Question: - Is there one thing people have asked you to blog about that stands out?
Answer: - Why yes, "Curious Reader", as a matter of fact there is. Hands down, and from well before my blogging days, more people have asked me to write about being a "Minister's Husband". Now it's my #1 blog request - as much as just about every other idea combined.
There's been enough written on the "Minister's Wife" to fill its own warehouse. However, in the world of gender-discrimination, the role of minister's husband has yet to be even acknowledged in most circles. Fact is I'd love to teach a seminar on the topic at the leading seminaries of every Christian denomination. (If you're reading this and have any influence at all I'd love to hear from you!!!)
Okay, for those readers who aren't up to speed on my family, here are the basics.
- I'm married to a Presbyterian Minister.
- Her name is Rebekah Maul (formerly Alexander).
- She earned her MDiv from Columbia Seminary in 1982.
- She was told not to get married because "A married woman can't lead a church".
- She was told that 90% of marriages fail when a woman enters ministry.
- When we were expecting our first child Rebekah was told it would embarrass the school if she interviewed with churches, and not to seek a call until after she had finished raising her children.
- We learned, instead, that God is in no way limited by the suppressed imaginations of human organizations!

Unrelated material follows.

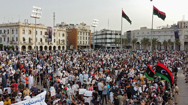 Migliaia di persone hanno manifestato a Tripoli per denunciare una mozione di sfiducia approvata dal parlamento libico contro il governo di transizione, a tre mesi da elezioni cruciali per il futuro della Libia. Alcuni dei manifestanti hanno sventolato la bandiera nazionale rossa, verde e nera, rispondendo così all'appello del capo del governo di transizione con sede a Tripoli, Abdelhamid Dbeibah, che aveva chiesto una "grande manifestazione".

- God has richly blessed her pastoral ministry now for over 27 years.
- We're having a ball!
Here's what's really interesting. If people didn't know what to do with a female pastor, then they had even less of a clue regarding how to handle a preacher's husband! Almost 30 years ago there were not a lot of women called as pastors. Many women who did earn a seminary degree took positions outside of traditional parish ministry; some changed careers before long; very few ended up as the senior minister of a "good-sized" congregation; even less are still married....
Put all those factors in an equation (D- dropout-RD X 90%/SP to the power of reality = X)... "X" being the number of men who share my unique position. It all adds up to very few men occupying the so-called "traditional" minister's-spouse role.
GOOD NEWS: (picture: Rebekah with the other half of our ministerial team: Tim Black)
The really good news here is that neither Rebekah nor I found ourselves fed into the status-quo processing system and spat out at the other end as stereotypical cookie-cutter models of a minister's family.
We weren't created by the sausage machine and - rather than cry "Foul!" or "Discrimination!" - we have thankfully been free, instead, to simply follow Jesus.
That's the bottom line, here. It's all I'd really say if I got to teach the seminary seminar for preacher's-husbands coming up (In fact, it's a message for all those who enter ministry with their spouse - there really is no difference).
- Thank God for the opportunity to show up at a church unhampered by narrowly defined stereotypes
- Go into ministry as humble disciples rather than the poster-family for church leadership models stuck in the 1950's
- Do one thing, and do it well - follow Jesus!
Enjoy - Love and blessings - DEREK
Listen to the Spirit: follow Jesus (page 86)
If there’s one model both Rebekah and I have constantly fought hard to disprove, it’s the idea that faith should in any way be formulaic, stereotypical, one-size-fits-all, or easy to define. God, it turns out, is much harder to pin down than that.
So, rather than feeling like disadvantaged victims of sexism or discrimination, it worked to our spiritual advantage to show up at Rebekah’s first ministry job and find we both had to start from scratch. Because there were no preconceptions, no time-honored parts to play and no pre-determined expectations other than the call to follow Jesus.
That’s what the idea of “emergent” really means. It means that we simply follow Jesus. Our worship, service, illumination, spiritual growth, prayer life, our journey into Christ – all these things – emerge in response to the primary and critical priority of regarding everything else "as rubbish, in order that I may gain Christ” (Philippians 3:8).